A short sale is when a home is sold for less than the amount owed on the mortgage and the Bank has taken less than the full amount due on the balance. A seller may not have to be behind on a home loan to seek a short sale. If sellers wish to pursue a short sale, they must owe more than what the home is worth, demonstrate the house cannot be sold for the amount owed and suffer from an acceptable financial hardship that makes the mortgage payment unaffordable.
The first step in the short sale process is to assemble a short sale package. This package includes a financial statement showing monthly expenses, income documentation, bank statements, two years of tax returns, a listing agreement, purchase agreement, an estimated HUD statement and a financial hardship letter from the seller explaining their circumstances.
If the home is sold as a short sale, there will be a difference between the mortgage amount owed and what the bank collects. This is called the shortage or deficiency. Sometimes the deficiency may be negotiable. Some banks will seek a promissory note for the deficiency, meaning that the seller may be responsible to pay the difference between what the home sold for and what is owed to the lender. Some lenders might choose to file a collection or a judgment for the amount owed. The seller should be certain that any amount of debt, or release from debt, is received in writing. If the deficiency is forgiven, the lender can write off the shortage with the IRS, which means the seller may be responsible for paying taxes on the amount of the deficiency. However, the Mortgage Debt Relief Act of 2007 generally allows taxpayers the potential for relief from tax on mortgage debt forgiveness.
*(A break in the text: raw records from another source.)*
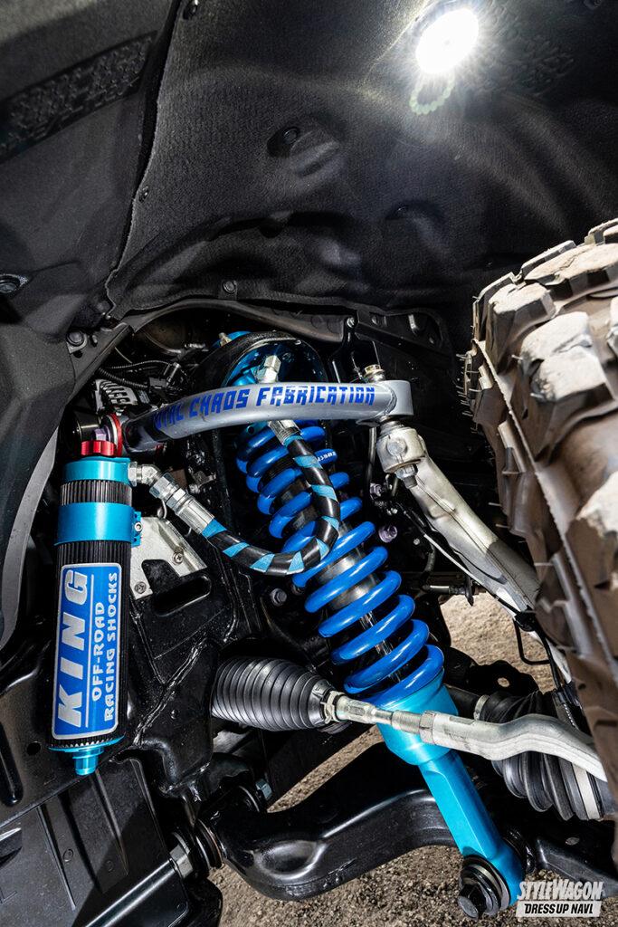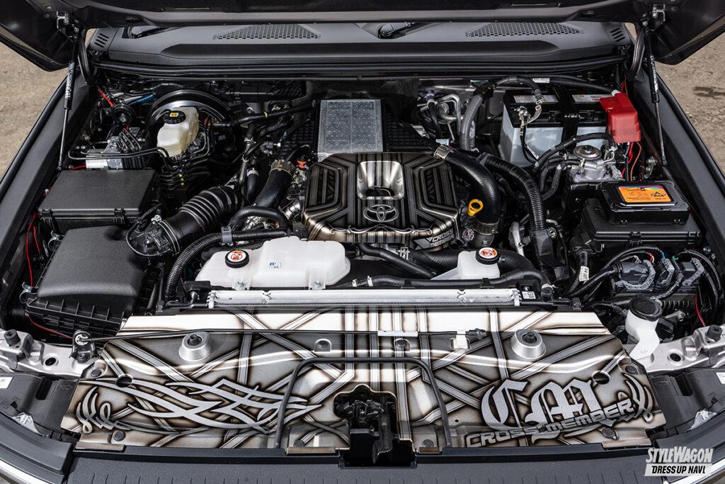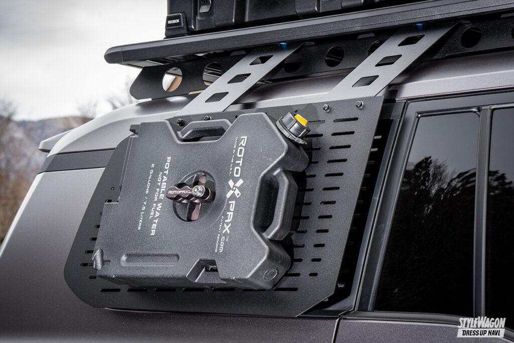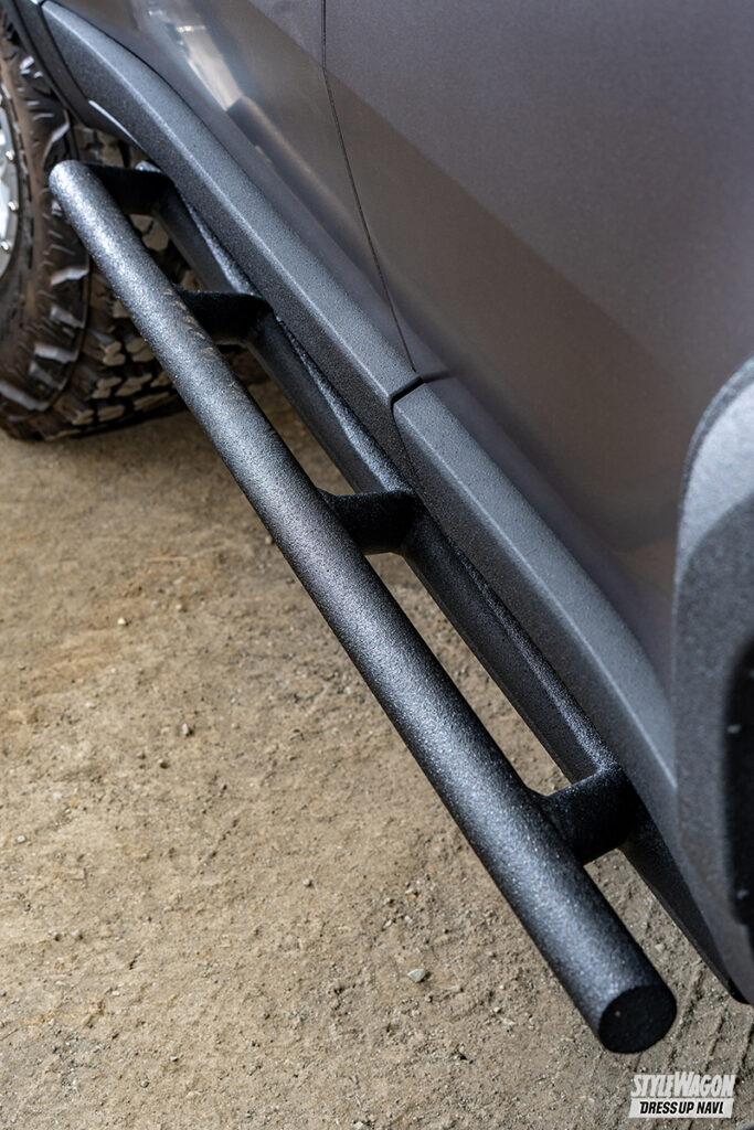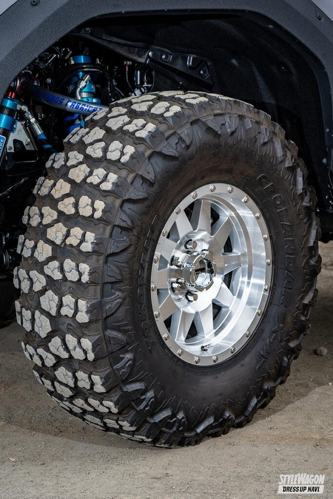 先だって開催されていた東京オートサロンの会場においても国内外問わず、非常に多くのギャラリーから注目を浴びていたのが当車両。オーバーランダーよろしくルーフにアウトドア系ギアを満載し、トータル4インチものリフトアップを施したボディには巨大マッドテレーンタイヤを履かせて魅せる1台へと昇華させている。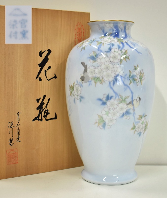 石川県小松市のお客様より出張買取にてご依頼頂き、宮内庁御用達 有田焼 深川製磁 官窯染付 花鳥図 花瓶を買取りさせていただきました。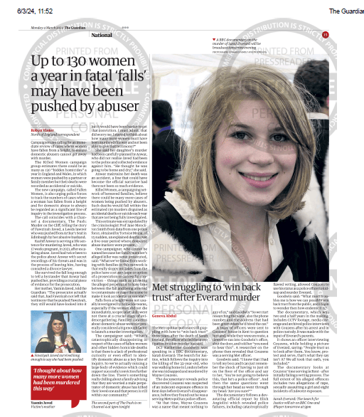 La publicación del artículo no fue casual pues coincide a su vez en el tiempo con la emisión de la miniserie documental compuesta por tres episodios; The Push: Murder on the Cliff (El Empujón: Muerte en el Acantilado) por parte del canal Channel 4 británico y la que os recomiendo su visionado.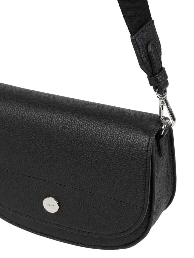 Die Saddle Bag von DKNY ist aus genarbtem Rindsleder gefertigt. Sie kommt mit Magnetverschluss, Außenfach und Logo.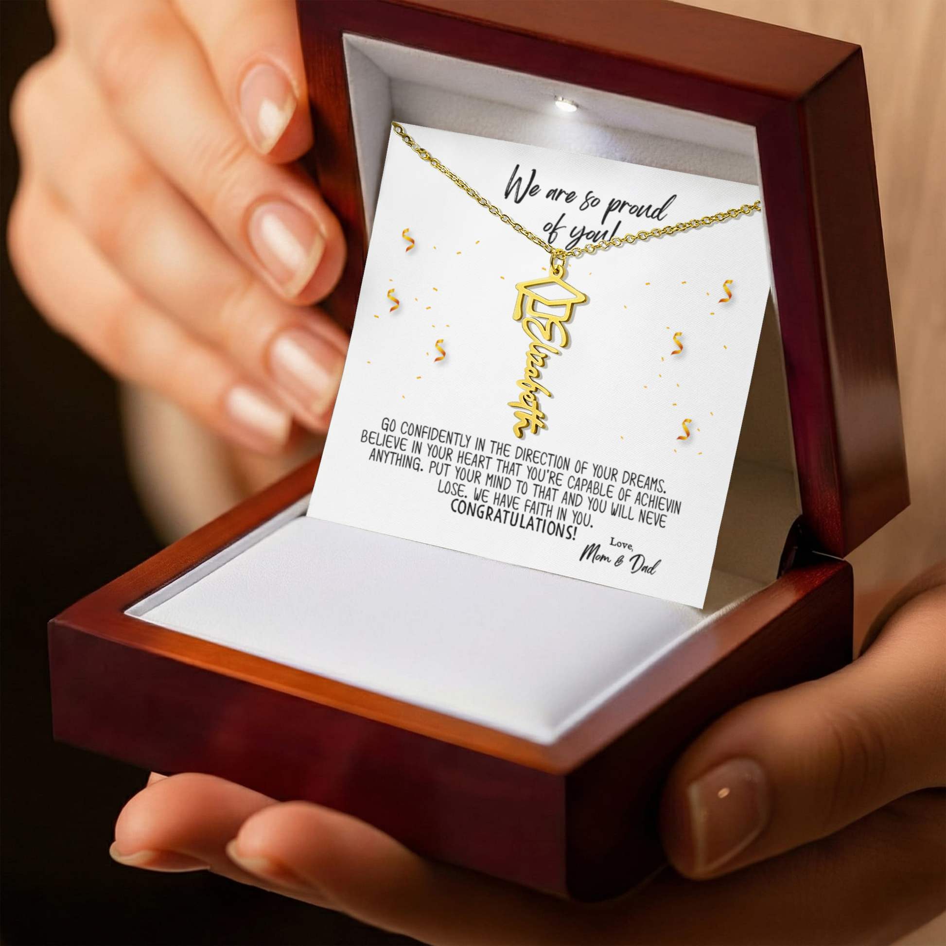 Celebrate her incredible achievement with a meaningful keepsake she’ll cherish forever. This elegant graduation name necklace features a stylish cap design paired with a custom name (shown: Elizabeth) and a heartfelt message from Mom and Dad.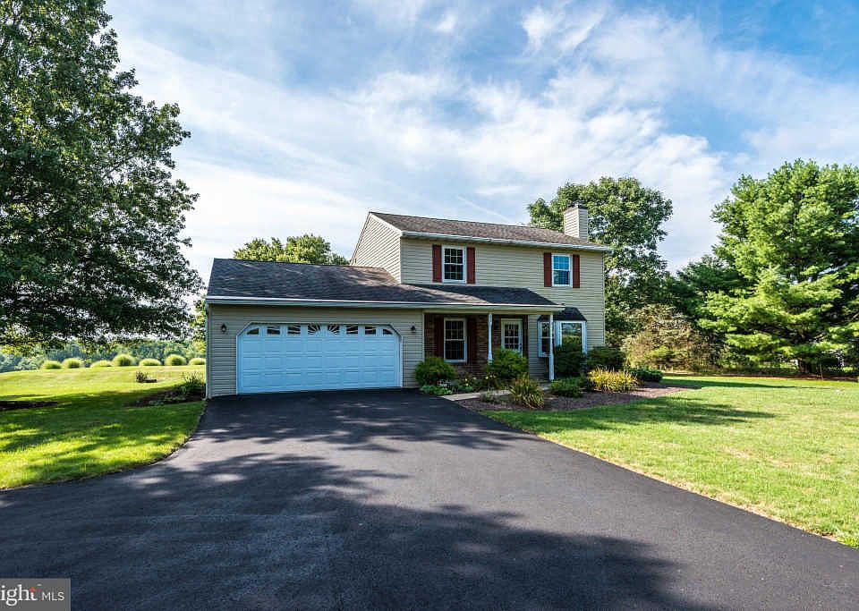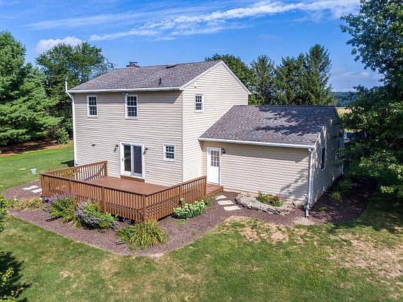 Move right in and unpack!! Great home meticulously maintained by original owners. Beautiful lot(over 2acres) backs to horse farm with trees framing the front and back. Entire home has just been painted and all new flooring in living room and dining room ; new carpeting on stairs, hallway and all bedrooms. Hardwood flooring in kitchen and tile in both bathrooms and laundry room. Full bathroom has been totally renovated with double vanities and granite countertops, and frameless glass doors to shower and tub. Upstairs the 4bedrooms are well sized and ample closet space. Extra large eat-in kitchen with brand new samsung refrigerator and bosch dishwasher. Corian countertops and Butcher block top above dishwasher. Sliding doors open to large deck perfect for entertaining. First floor laundry room with storage and brand new washer and dryer! Peaceful expansive backyard with great landscaping and extra large shed. HVAC has been replaced under 1 yr ago. Hot Water heater replaced last month. Unfinished basement was just painted and waiting on your finishing touches; bilco doors to back yard. Whole house generator fueled with propane included with property.
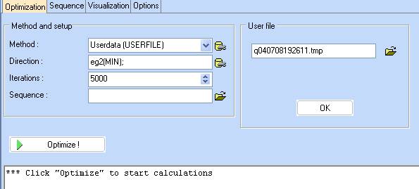 7. In the ‘Optimization’ dialog, click OK and then Optimize: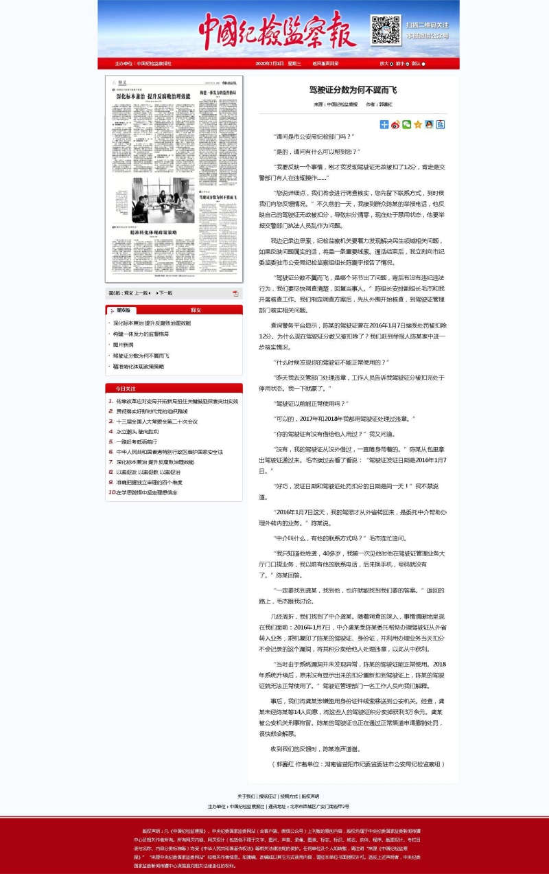 “驾驶证分数不翼而飞,是哪个环节出了问题,背后有没有违纪违法行为,我们要尽快调查清楚,回复当事人。”陈组长安排副组长毛杰和我开展核查工作。我们制定调查方案后,先从外围开始核查,到驾驶证管理部门核实相关问题。

Challenges inherent in a traditional short sale often include unacceptable timeframes to list and complete the sale, and a relatively low rate of success in short sale approvals. There are currently no standardized forms used by lenders for traditional short sales, making it a challenge for Agents to navigate short sale paperwork. Lenders and servicers can also cut agent commissions.
A short sale will affect the seller’s credit score. To minimize the effect on their credit score, sellers should avoid making late payments on their mortgage when possible, and work with the bank to report the sale in the best possible manner. From a credit standpoint, a short sale is always a better alternative to foreclosure.